Derechos, the namesake of the new supercomputer coming to the National Center for Atmospheric Research (NCAR), are fast-moving, widespread bands of thunderstorms. Indeed, NCAR itself is moving quickly and ambitiously with the new system – its third major installation since 2012. Irfan Elahi, director of NCAR’s high-performance computing division, recently spoke to HPCwire about the development and timeline for Derecho, as well as plans further into the future.
The nuts and bolts
First, the specs: Derecho, built by HPE, will be water-cooled and predominantly powered by third-generation AMD Epyc Milan CPUs and Nvidia’s 40GB A100 GPUs, with 2,488 CPU-only dual-socket nodes (256GB of memory per node) and 82 single-socket heterogeneous nodes (four A100s and 512GB of memory per node). In total, the system is equipped with 692TB of total memory, 328 A100 GPUs and 5,058 Milan CPUs, all connected by HPE Slingshot v11 networking.
This combined hardware will deliver 19.87 peak petaflops – more than triple the performance of Derecho’s predecessor, Cheyenne (5.34 peak petaflops). Cheyenne, installed in 2016, was itself preceded by the 1.26-peak petaflops Yellowstone system in 2012.
Derecho’s firepower will be deployed in service of all things atmospheric and many things environmental, with Elahi noting applications ranging from severe weather (thunderstorms, tornadoes and hurricanes) and climate change to water availability, wildfires, renewable energy, subsurface flow of oil and gas, solar storms and more. “Mainly the supercomputer will enable research that will lead to more detailed and useful prediction capabilities which will have significant societal benefit,” he said, “especially by getting more resilient to climate change.”
A gathering storm
HPE’s win was announced in January of this year, but plans for Derecho had been in the works for years prior. “We kicked off this project in … late summer 2018, and we started by doing a workload analysis study,” Elahi said. “We also then created a panel … and I think that it had 43 different members – diverse both in terms of gender [and] ethnicity but also in subject matter expertise, because we wanted to … look at this subject matter expertise across the earth systems sciences, and we worked with the Science Requirement Advisory Panel to get their requirements[.]”
Through this process, NCAR developed a suite of benchmarks for measuring a new system, which was then referred to as NWSC-3 after the NCAR-Wyoming Supercomputer Center (NWSC) where NCAR’s supercomputers have been housed.

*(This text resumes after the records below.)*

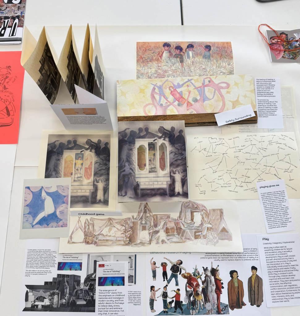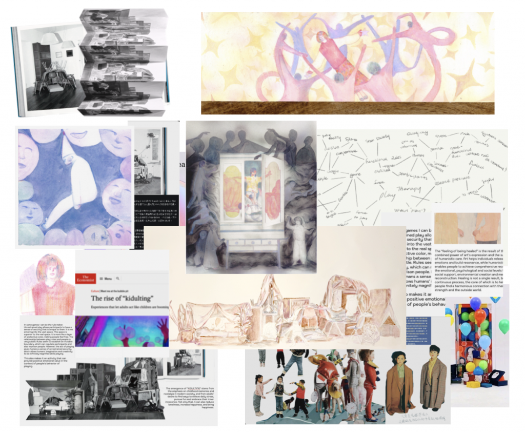 In the research results presentation, I focused on exploring the various connections between play and emotions. By visualizing the theme pictures and trying different ways of expression in the research, I wanted to construct a spatial narrative to build a personal experience between the theme and the audience.
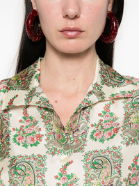 floral-print shirt Highlights - Light beige - Front button fastening - Camp collar - Short sleeves Made in Italy Composition Silk 100% SIZE & FIT Model measurements Height 5 ft 9 in(1.76 m) Bust/Chest 32.28 in(82 cm) Hips 35.43 in(90 cm) Waist 25.19 in(64 cm) FittingInformation Designed to be unstructured, offering a loose fit throughout Made from a lightweight non-stretch fabric
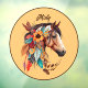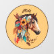 Beautiful window cling for home, office or even the rear window of your car or SUV! Design features an AI generated horse portrait with Boho style feathers and flowers. Personalise with name or monogram
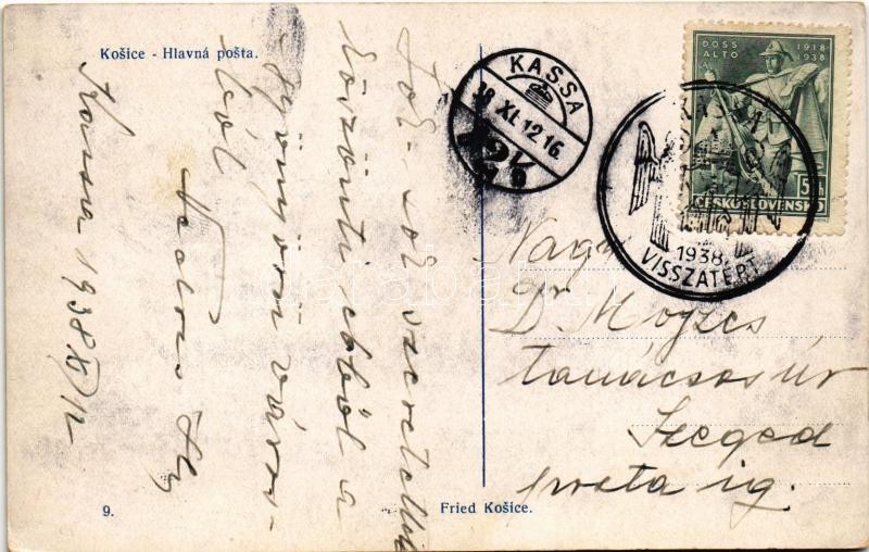 1938 Kassa, Kosice; Hlavná posta / Posta / post office + "1938 Kassa visszatért" So. Stpl. (EK)

With the benchmarks in hand, NCAR put out an RFI for the system, working with “four or five” potential vendors, including through a workshop that brought together researchers and vendors to strategize for system-building. After the RFP was issued and the dust settled, Elahi said that NCAR selected for the best value – not the lowest cost – and landed on HPE.
Updating the forecast
Derecho is still, however, a little ways off. First, a test system — Gust — will launch around February of 2022. Then, Elahi said, “Derecho itself is going to be delivered sometime mid-March – the first quarter of next year.” Once it’s installed and tested – a six- to seven-week process, he said – NCAR will open the system to its inaugural external users. These users will come from the Accelerated Science Discovery (ASD) program, which is soliciting proposals from researchers whose projects involve “actionable science” of relevance to NCAR’s core objectives. These ASD users, Elahi explained, would help beta test the system for a couple of months over the summer before its wider launch and help NCAR to push itself into the next generation of supercomputing. “The whole idea about ASD is these new, upcoming applications,” he said.
“After ASD, we will open it to all of the user community,” Elahi continued. However, Cheyenne – which Elahi noted has been a remarkably reliable system, with just one power outage over the last few years – will continue running until “sometime in late December of 2022.” “In order to help our users transition and migrate to the new environment, we want to provide them an overlap of six months,” Elahi said.
Derecho will be housed in the NWSC datacenter, which Elahi said was LEED Gold certified. “The most important thing, I think, is application energy efficiency,” he said, speaking to the sustainability of the new system. “Because … growth in peak or sustained computing capability is just one thing – but power efficiency is another.” So, he said, Derecho will produce around three to three and a half times more flops per watt compared to Cheyenne.
Looking further into the future, Elahi noted that computer processing was stagnating, pointing instead to technologies like accelerators, GPUs, FPGAs and AI as the sources of greater computing power and efficiency. And, he said, NCAR would be looking to push the efficiency angle even harder for its fourth system. “One of the things we want to do for our next system is also to look at carbon footprint and sustainability as a specification,” he said.